Indeed, from 60% to 70% of the patients treated in the earliest clinical trials are now in remission for over ten years, which is an unprecedented clinical accomplishment.

Developments within the field of CAR-T cell therapy are only the tip of the iceberg. CAR-T therapy development today feels similar to the launch of the first chemotherapy treatments fifty years ago, when oncologists had access to only a small handful of chemotherapy protocols. Today, cancer patients are being treated with more than a hundred different chemotherapy agents.

In a similar way, we are likely to have several CAR-T therapies available in the near future to treat liquid cancers, solid tumors, autoimmune diseases, and inflammatory conditions.

Although CAR-T cell therapies are highly promising, they still have hurdles to overcome if they are to reach their full potential. The most significant hurdle is a cost in excess of $350,000 per dose. For this reason, efforts are now focused on to development of a place-of-care manufacturing process as a means to cut costs. In order to eliminate the need to cryopreserve and transport cells, the industry needs to make progress in this area.

As examples of recent progress in this area, the benchtop CliniMACS Prodigy instrument from Miltenyi Biotec can produce autologous CAR-T cells just in eight days. Similarly, in March 2022, a research team in the Perelman School of Medicine at the University of Pennsylvania developed a process to generate functional CAR-T cells in 24 hours.

Strategies for the Future of CAR-T Therapies

The first round of CAR-T products were developed to target liquid cancers (leukemia lymphoma, multiple myeloma).

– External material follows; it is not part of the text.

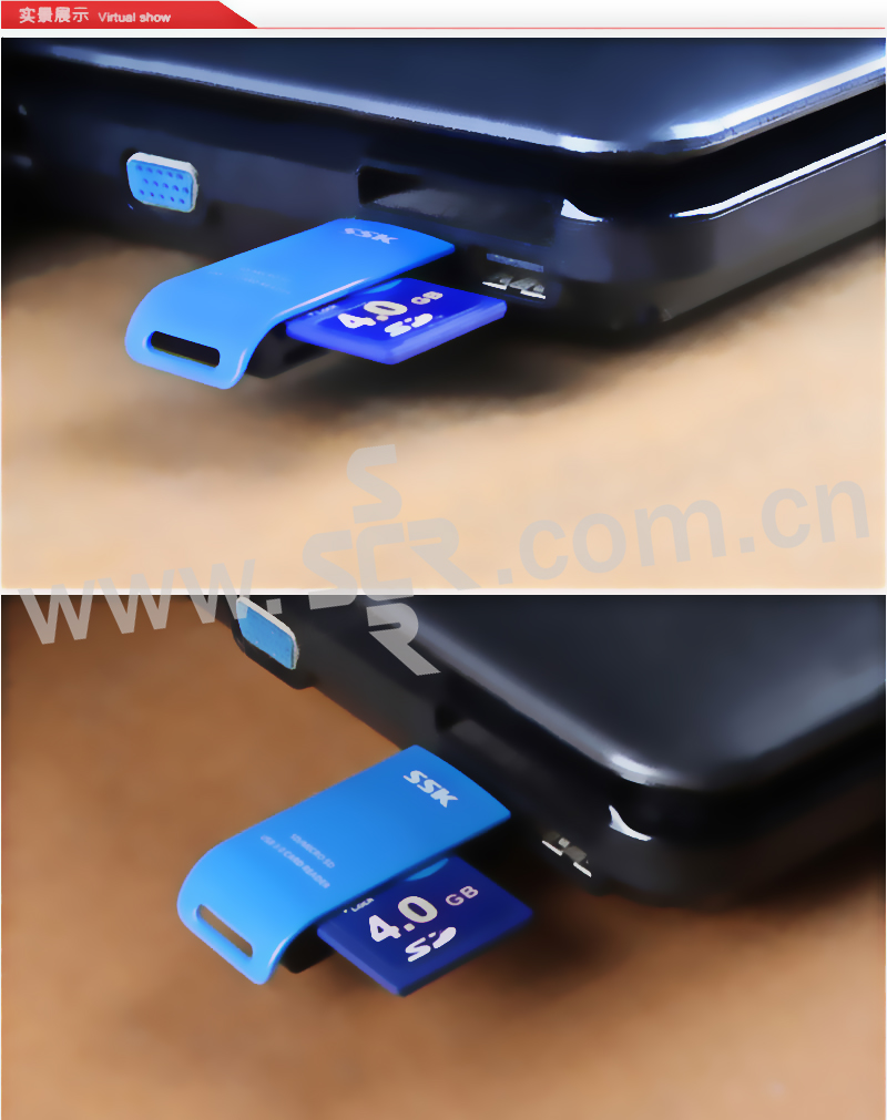 SSK/飚王 二合一读卡器(蓝色) SCRM331 USB3.0 TF卡/SD卡 1个

In these cancers, the infused CAR-T cells come in direct contact with cancer cells that circulate in the blood and lymphatic system. Over time, some CAR-T cell therapy developers have shifted their focus toward solid tumors that are located outside of the circulatory and lymphatic systems.

For example, brain tumors have historically been a challenging type of tumor to treat because most cancer drugs are prevented from reaching them by the blood-brain barrier (BBB). Thankfully, recent discoveries have identified that the brain has lymphatic vessels. This means CAR-T cells have the potential to penetrate the BBB and access brain tissue, positioning them as an intriguing treatment approach for several types of solid brain tumors.

Areas of active investigation in CAR-T space include developing strategies to maximize outcomes of CAR T-cell therapies, minimize toxicities, broaden targets beyond CD19, and target solid tumors. New combination therapies are actively being considered by many researchers. It is a challenge to select better preclinical models to identify potential combination therapies.

In solid tumors, researchers are particularly interested in identifying better targets and overcoming obstacles in the tumor microenvironment which have the potential to block T cell function.

Additionally, more precise genome editing technologies, such as CRISPR, are increasingly being used to develop clinical CAR-T product candidates.  Allogeneic CAR-T products are yet to reach the market, but hundreds of clinical trials, mostly in China are focusing on allogeneic products. Clinical trials are anticipated to have a broader impact as CAR-T cell therapies expands into other indications, including other cancers and frontline therapies.